PROBLEM DESCRIPTION
For this exercise, write out each entry below exactly, omitting the images.

Items from a dataset:
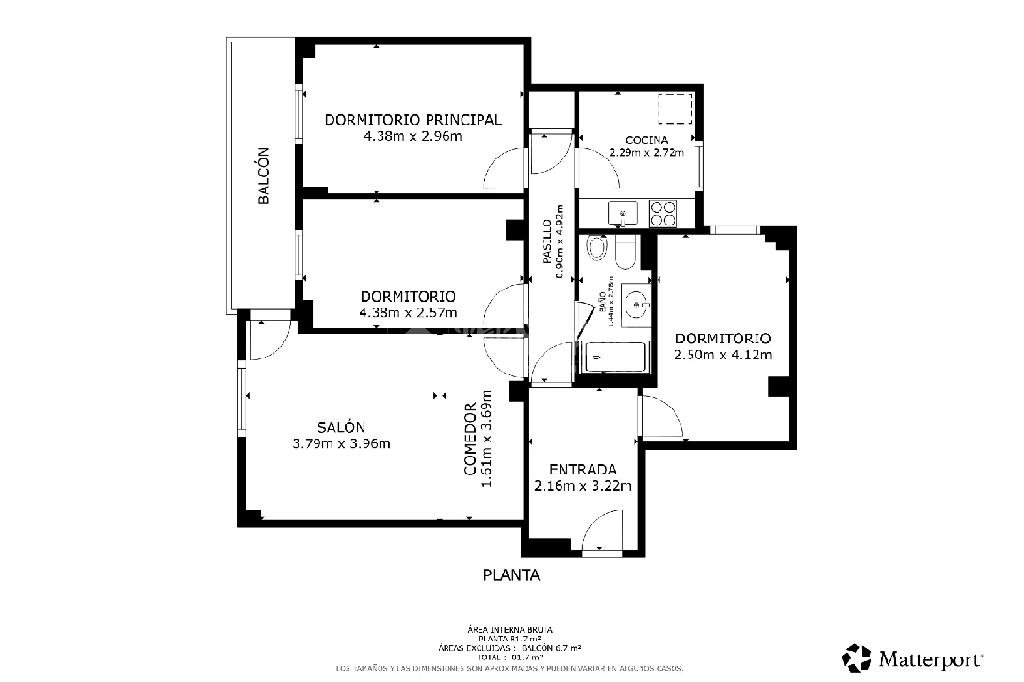 La vivienda cuenta con 94 metros cuadrados construidos, distribuidos en hall de entrada, cocina, salón-comedor con balcón, tres dormitorios y baño completo uno con plato de ducha.
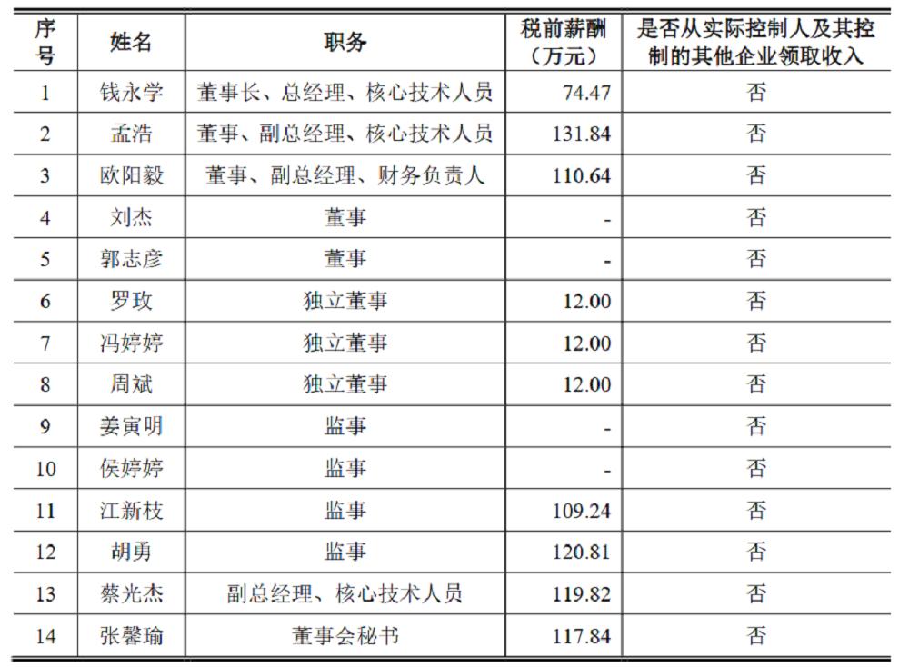 2024年,昂瑞微现任董事、监事、高级管理人员及核心技术人员领取薪酬情况(图源:昂瑞微招股书)
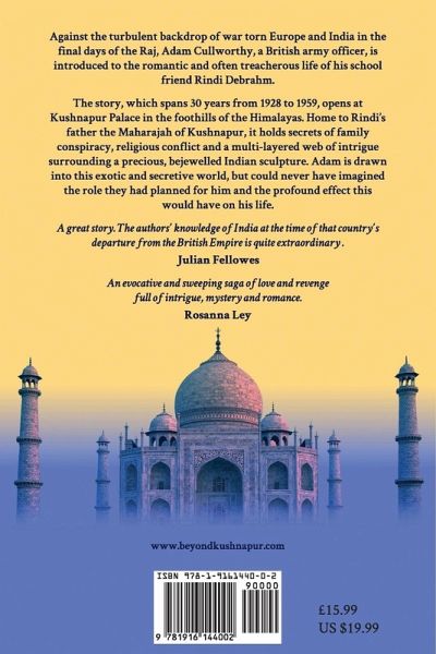 Against the turbulent backdrop of war torn Europe and India in the final days of the Raj, Adam Cullworthy, a British army officer, is introduced to the, romantic and often treacherous life of his school friend Rindi Debrahm. The story, which spans 30 years from 1928 to 1959, opens at Kushnapur Palace in the foothills of the Himalayas. Home to Rindi's father the Maharajah of Kushnapur, it holds secrets of family conspiracy, religious conflict and a multi-layered web of intrigue surrounding a precious, bejewelled Indian sculpture. Adam is drawn into this exotic and secretive world, but could never have imagined the role they had planned for him and the profound effect this would have on his life.
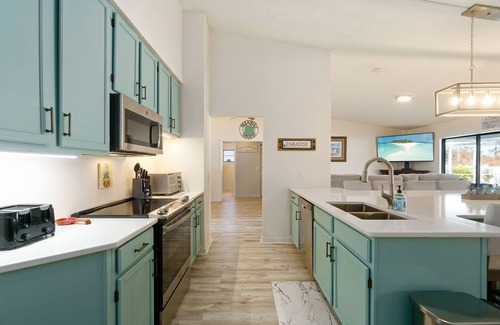 Amazing heated pool home near the beach! Bring the whole family to this relaxing oasis for an unforgettable vacation. Huge quartz island in updated kitchen with room for 10! Lots of beds, oversized screened-in beautiful lanai living space with pool, grill, couches, outdoor dining and big TV. You won't want to leave the lanai, but you will also be just a few miles to the nearest beach. Access to so many great Gulf beaches! We can't wait to host you!
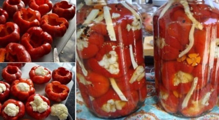 3. Riempiamo i peperoni con il cavolfiore, poi li distribuiamo nei barattoli. Per un barattolo da 800 g aggiungiamo un cucchiaio di sale, 2 cucchiai di zucchero, 100 ml di aceto, spezie per sottaceti e acqua.
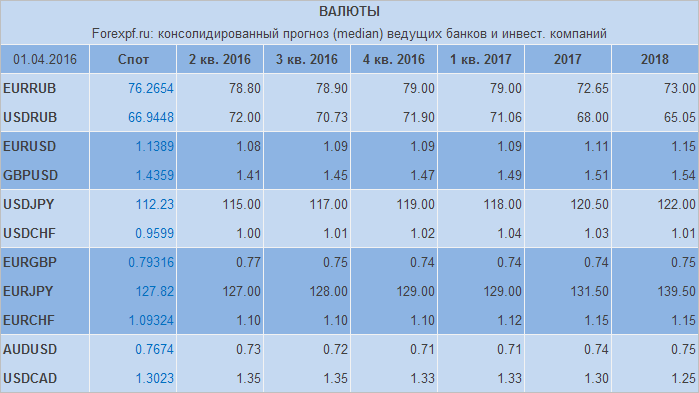 Представляем вашему вниманию таблицу консолидированных прогнозов (median), актуальных на текущую дату (позволяют оценить настроения рынка и обозначают «средний градус по больнице»). Расчет медианного значения включает лишь те прогнозы крупных банков и инвестиционных компаний, которые были опубликованы не позднее 3 месяцев от текущей даты. Однако по статистике превалирующее большинство респондентов не имеют прогноза старше 30 дней от текущей даты.

RESULT
 La vivienda cuenta con 94 metros cuadrados construidos, distribuidos en hall de entrada, cocina, salón-comedor con balcón, tres dormitorios y baño completo uno con plato de ducha.
 2024年,昂瑞微现任董事、监事、高级管理人员及核心技术人员领取薪酬情况(图源:昂瑞微招股书)
 Against the turbulent backdrop of war torn Europe and India in the final days of the Raj, Adam Cullworthy, a British army officer, is introduced to the, romantic and often treacherous life of his school friend Rindi Debrahm. The story, which spans 30 years from 1928 to 1959, opens at Kushnapur Palace in the foothills of the Himalayas. Home to Rindi's father the Maharajah of Kushnapur, it holds secrets of family conspiracy, religious conflict and a multi-layered web of intrigue surrounding a precious, bejewelled Indian sculpture. Adam is drawn into this exotic and secretive world, but could never have imagined the role they had planned for him and the profound effect this would have on his life.
 Amazing heated pool home near the beach! Bring the whole family to this relaxing oasis for an unforgettable vacation. Huge quartz island in updated kitchen with room for 10! Lots of beds, oversized screened-in beautiful lanai living space with pool, grill, couches, outdoor dining and big TV. You won't want to leave the lanai, but you will also be just a few miles to the nearest beach. Access to so many great Gulf beaches! We can't wait to host you!
 3. Riempiamo i peperoni con il cavolfiore, poi li distribuiamo nei barattoli. Per un barattolo da 800 g aggiungiamo un cucchiaio di sale, 2 cucchiai di zucchero, 100 ml di aceto, spezie per sottaceti e acqua.
 Представляем вашему вниманию таблицу консолидированных прогнозов (median), актуальных на текущую дату (позволяют оценить настроения рынка и обозначают «средний градус по больнице»). Расчет медианного значения включает лишь те прогнозы крупных банков и инвестиционных компаний, которые были опубликованы не позднее 3 месяцев от текущей даты. Однако по статистике превалирующее большинство респондентов не имеют прогноза старше 30 дней от текущей даты.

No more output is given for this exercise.